= Lyn Williams =

Australian choral conductor and composer

Lyn Adrienne Williams, AM (born 1963) is an Australian choral conductor and the founder and artistic director of the Gondwana Choirs. She has been recognised for her significant contribution to the development of choral music for young people in Australia

== Career ==
Williams was born in France and her family returned to Australia in 1969. She attended the Conservatorium High School in Sydney, and studied the harp. She later studied at Oberlin College, Ohio.

Williams founded the Sydney Children's Choir in 1989, and since then has developed further ensembles known as the Gondwana Choirs, including Gondwana Voices, Gondwana Chorale, Gondwana Indigenous Choir, Marliya and Spinifex Gum, a musical collective based in Cairns.

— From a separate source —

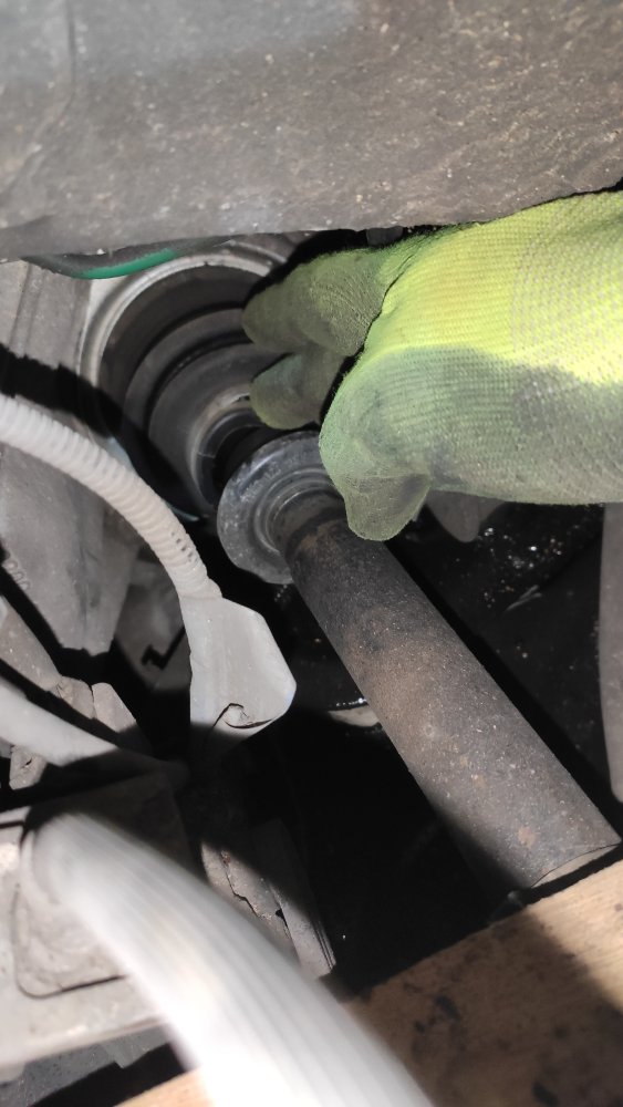 Il est encore en place, j'arrive à le sentir du bout des doigts... (Cela ne m'épargnera pas la vidange, mais pour le moins le coût d'achat d'un nouveau cardan)

Under her leadership, the Gondwana Choirs have commissioned new choral works, many of which involve Australian composers and Aboriginal and Torres Strait Islander languages.

== Awards and honours ==
In 2017, Williams was awarded the Don Banks Music Award. She received the Medal of the Order of Australia in 2004 and was promoted to Member of the Order of Australia (AM) in 2019.

In 2021 she received the Sir Bernard Heinze Memorial Award for her 30 years' leadership of the Gondwana Choirs. She was nominated for the 2021 NSW Australian of the Year, and was honoured with the Richard Gill Award for Distinguished Services to Australian Music at the 2024 Art Music Awards.